**Description of the task**
Print again, word for word, all of the records below, and leave the pictures out.

**Data provided**
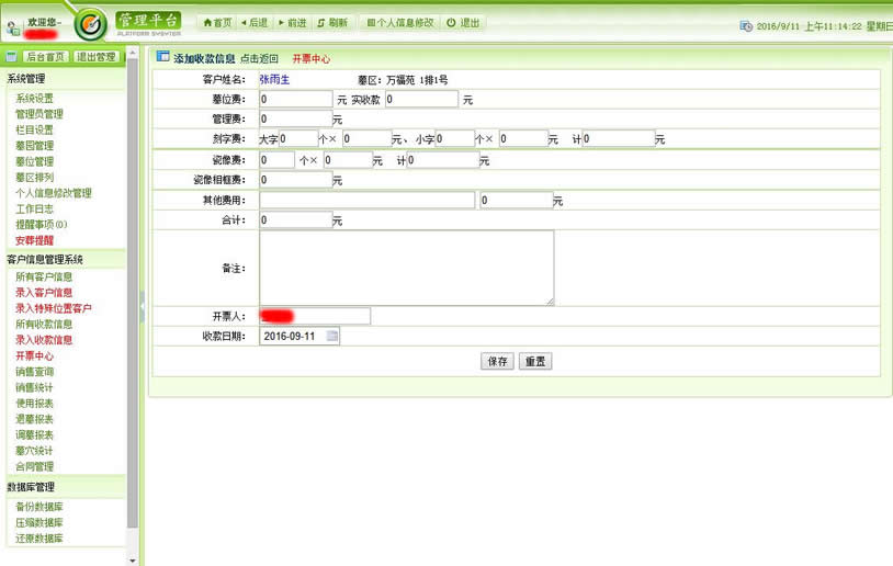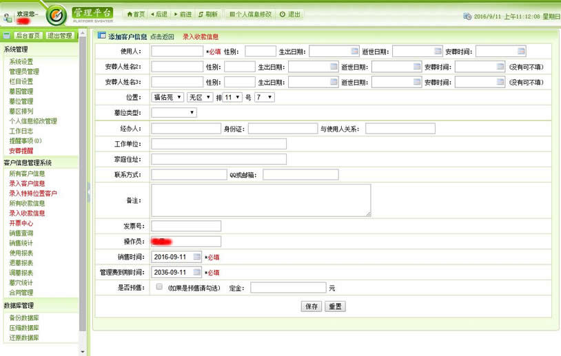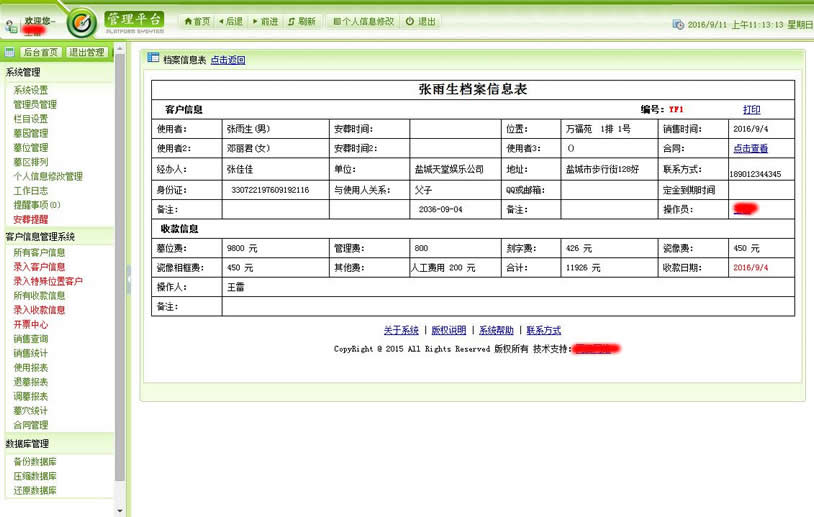 系统按照陵园的业务系统进行设计,组建陵园的企业生产管理系统;整个单位的业务流程,全部借助计算机来进行管理,结合先进的管理思想,借助现代计算机技术和方法,提升业务信息纵向横向传输效率和质量,实现墓地销售、结算管理(预售、退费)、客户管理、安葬管理、位置管理、合同管理、墓地管理期限到期提醒、二维码便民查询等进行全方位业务管理,具有各种统计、分析、查询、打印数据和报表的管理功能。提高陵园业务的办公效率和质量,让管理者随时监控本单位的运行状况,作出科学决策;可通过信息化手段规避不必要的风险(避免墓地的重复销售、到期信息的智能化提醒、欠费提醒及控制等),规范企业管理,从而提高办公效率,降低管理费用,提高企业形象,使企业的生产、经营信息得到及时反馈,从而有效管理、监督、控制企业经营活动,规避企业经营风险,为最终实现企业经营目标服务。
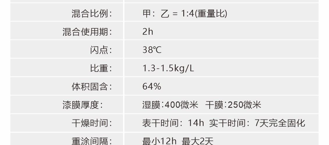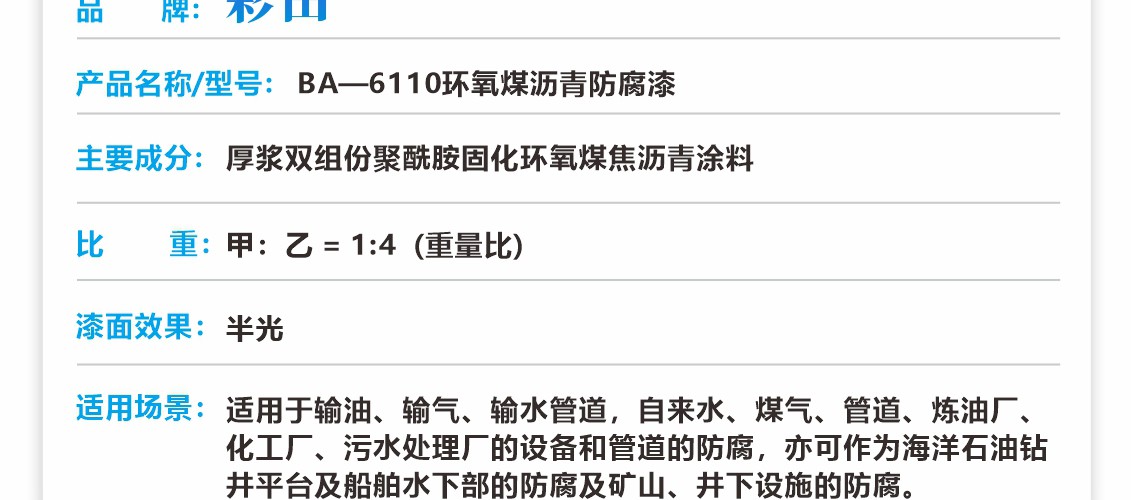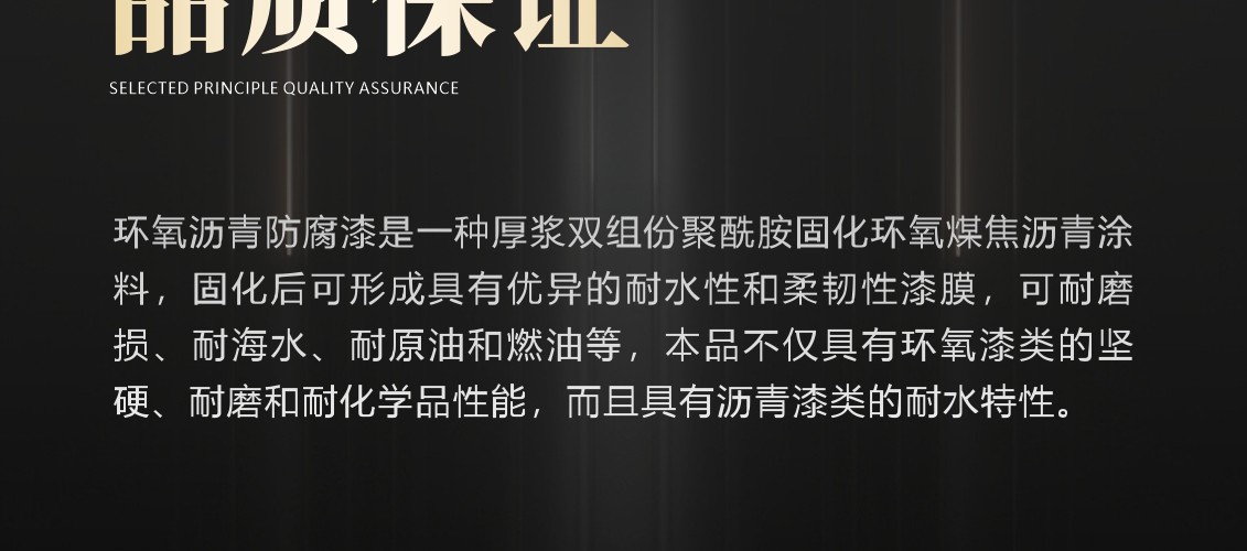 厚漿雙組份聚酰胺固化環氧煤焦瀝青涂料,固化后可形成具有優異的耐水性和柔韌性漆膜,可耐磨損、耐海水、耐原油和燃油等,本品不僅具有環氧漆類的堅硬、耐磨和耐化學品性能,而且具有瀝青漆類的耐水特性。
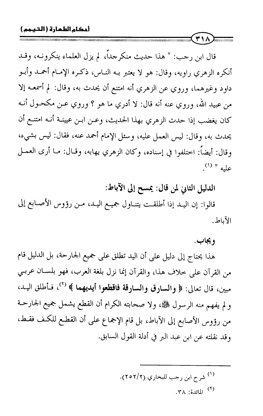 هذا يحتاج إلى دليل على أن اليد تطلق على جميع الجارحة، بل الدليل قام من القرآن على خلاف هذا، والقرآن إنما نزل بلغة العرب، فهو بلسان عربي مبين، قال تعالى: {والسارق والسارقة فاقطعوا أيديهما} (¬٢)، فأطلق اليد، ولم يفهم منه الرسول - صلى الله عليه وسلم -، ولا صحابته الكرام أن القطع يشمل جميع الجارحة من رؤوس الأصابع إلى الآباط، بل قام الإجماع على أن القطع للكف فقط، وقد نقلته عن ابن عبد البر في أدلة القول السابق.
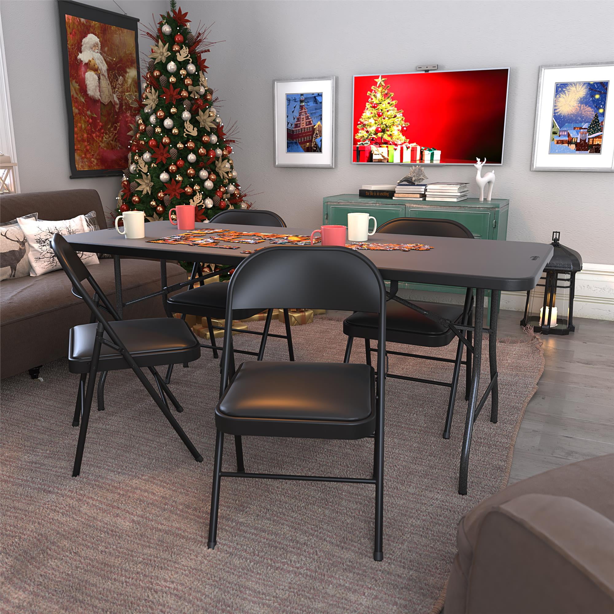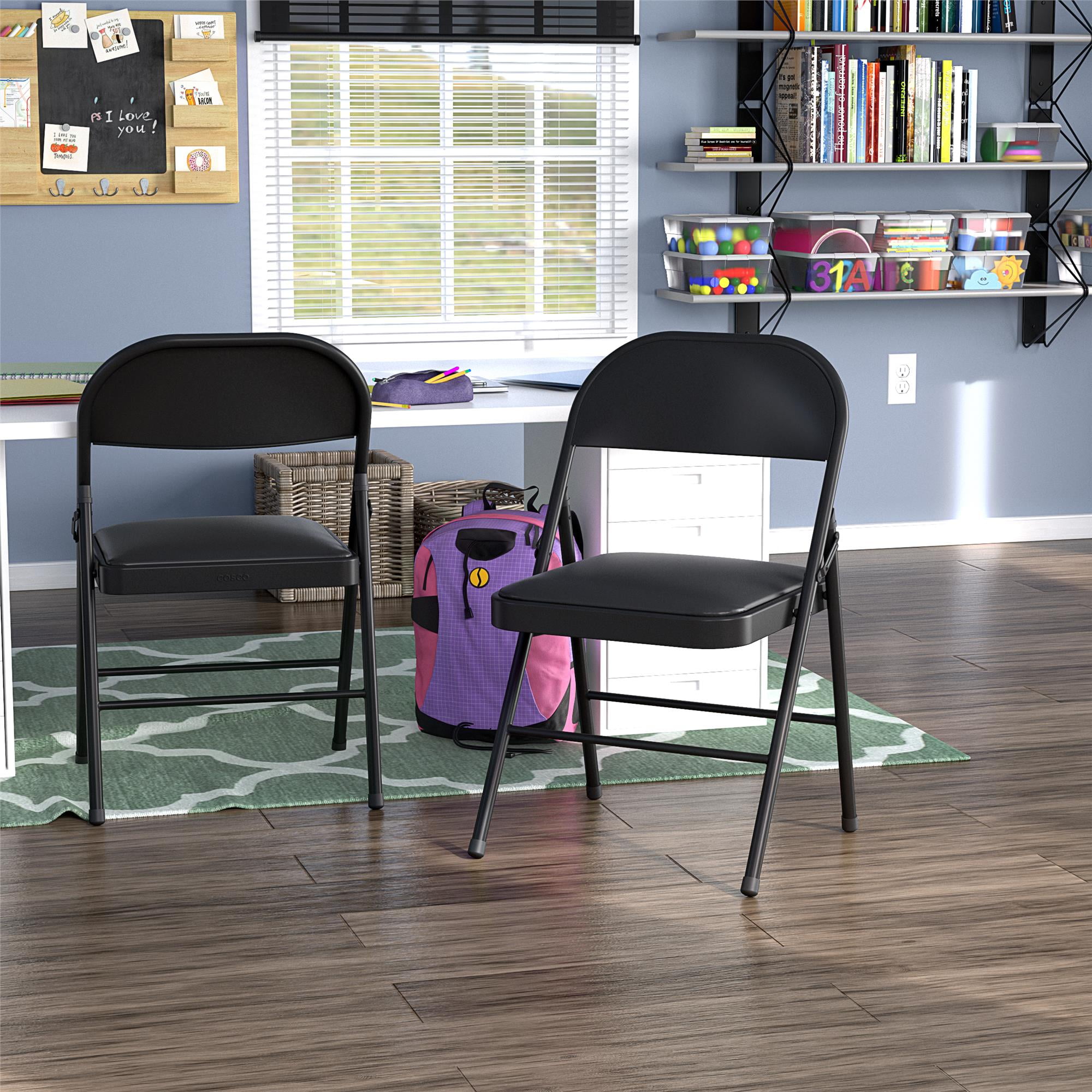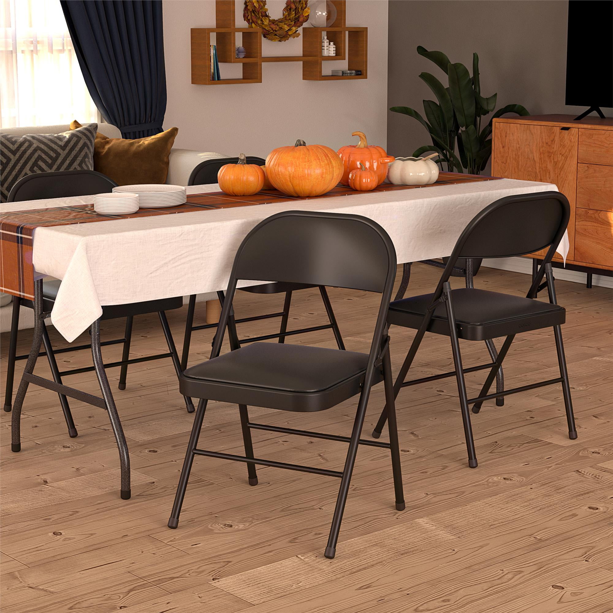 Mainstays Deluxe Vinyl Padded Seat and Metal Back Folding Chair, Black
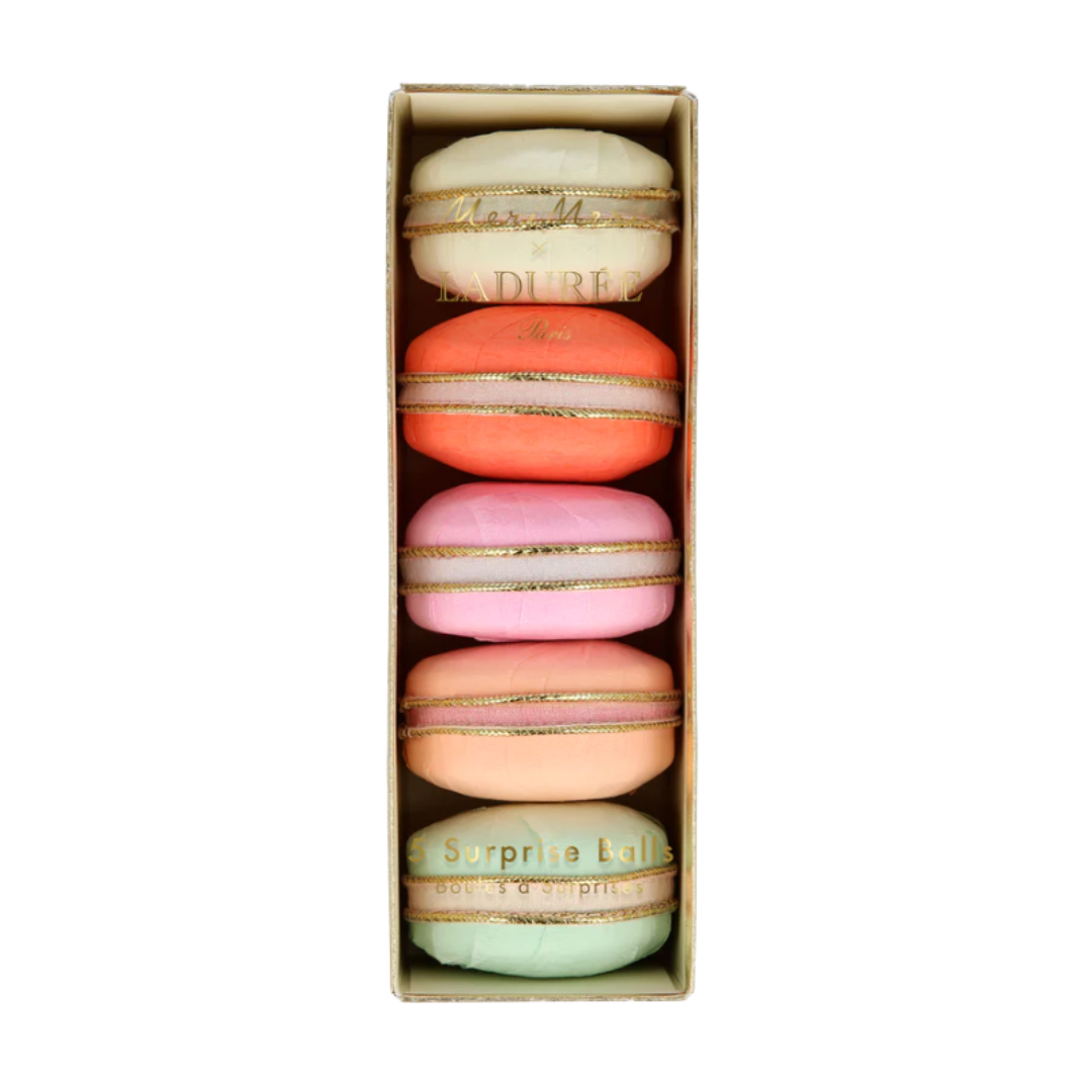 We're delighted to collaborate with Laduree, the restaurant, tea room and macaron specialist, to create these wonderful surprise balls. They are beautifully crafted to look like colorful macarons, and when opened reveal a host of delightful gifts.
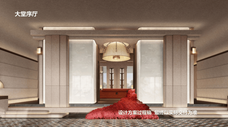 公区方面,从归家社区大堂、大堂序厅、以及入户单元大堂一路看过来,体现出一套脉络完整,层层递进的海派顶奢设计语言。

**Result**
 系统按照陵园的业务系统进行设计,组建陵园的企业生产管理系统;整个单位的业务流程,全部借助计算机来进行管理,结合先进的管理思想,借助现代计算机技术和方法,提升业务信息纵向横向传输效率和质量,实现墓地销售、结算管理(预售、退费)、客户管理、安葬管理、位置管理、合同管理、墓地管理期限到期提醒、二维码便民查询等进行全方位业务管理,具有各种统计、分析、查询、打印数据和报表的管理功能。提高陵园业务的办公效率和质量,让管理者随时监控本单位的运行状况,作出科学决策;可通过信息化手段规避不必要的风险(避免墓地的重复销售、到期信息的智能化提醒、欠费提醒及控制等),规范企业管理,从而提高办公效率,降低管理费用,提高企业形象,使企业的生产、经营信息得到及时反馈,从而有效管理、监督、控制企业经营活动,规避企业经营风险,为最终实现企业经营目标服务。
 厚漿雙組份聚酰胺固化環氧煤焦瀝青涂料,固化后可形成具有優異的耐水性和柔韌性漆膜,可耐磨損、耐海水、耐原油和燃油等,本品不僅具有環氧漆類的堅硬、耐磨和耐化學品性能,而且具有瀝青漆類的耐水特性。
 هذا يحتاج إلى دليل على أن اليد تطلق على جميع الجارحة، بل الدليل قام من القرآن على خلاف هذا، والقرآن إنما نزل بلغة العرب، فهو بلسان عربي مبين، قال تعالى: {والسارق والسارقة فاقطعوا أيديهما} (¬٢)، فأطلق اليد، ولم يفهم منه الرسول - صلى الله عليه وسلم -، ولا صحابته الكرام أن القطع يشمل جميع الجارحة من رؤوس الأصابع إلى الآباط، بل قام الإجماع على أن القطع للكف فقط، وقد نقلته عن ابن عبد البر في أدلة القول السابق.
 Mainstays Deluxe Vinyl Padded Seat and Metal Back Folding Chair, Black
 We're delighted to collaborate with Laduree, the restaurant, tea room and macaron specialist, to create these wonderful surprise balls. They are beautifully crafted to look like colorful macarons, and when opened reveal a host of delightful gifts.
 公区方面,从归家社区大堂、大堂序厅、以及入户单元大堂一路看过来,体现出一套脉络完整,层层递进的海派顶奢设计语言。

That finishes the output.